A guilty grin puckered the little man's lips.

"I thought I knowed you; you're the man of—of yesterday," he shrilled. "I was running from Selim. He wanted me to take siesta, but I did wish to be in the hunt."

Aylmer nodded.

"The usual trouble," he said. "We all want to be in—or, at any rate, to see—the hunt. And we never pay any attention to Selims, worse luck.

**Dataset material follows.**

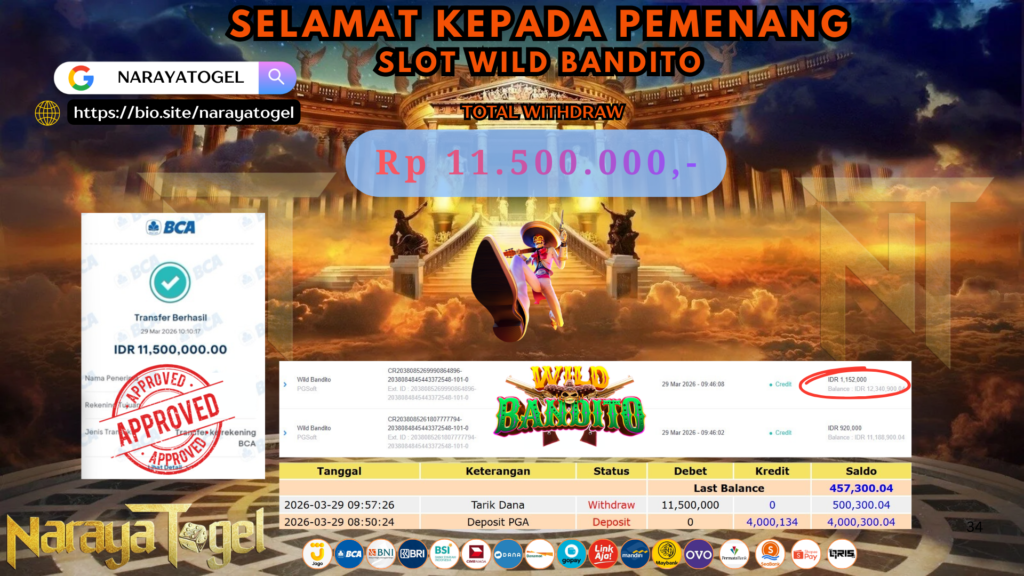 Selamat kepada User id FIKI*** Telah berhasil mendapatkan kemenangan besar pada permainan SLOT SLOT WILD BANDITO Dengan kemenangan Sebesar Rp 11.500.000 Setelah mengisi formulir withdraw dengan kurang waktu hanya 1 – 10 menit pihak NARAYATOGEL sudah melakukan transfer kepada pemiliknya dan dana sudah masuk ke rekening id tersebut oleh pemenang. Bukti pembayaran yang kami berikan merupakan bukti pembayaran yang SAH / VALID yang langsung di dapatkan melalui tanda transfer transaksi berhasil dari Bank yang di tuju.

You'll learn more by experience, sonny."

The child made a little gesture of protest.

"That's not my name," he answered solemnly. "Mother calls me Jackanapes, or Jack. But I'm John, really, just John."

"Just John," assented Aylmer. "Just John what?"

"John Aylmer," said the boy and stared in surprise at his new friend's startled visage. But the other John Aylmer was not looking at his namesake. He was looking at the girl who held him.

Her eyes answered the glance gravely, sternly, even defiantly, and in silence.

"You?" cried Aylmer. "You are—?"

She hesitated.

"John's nurse," she said, looking him steadily in the face.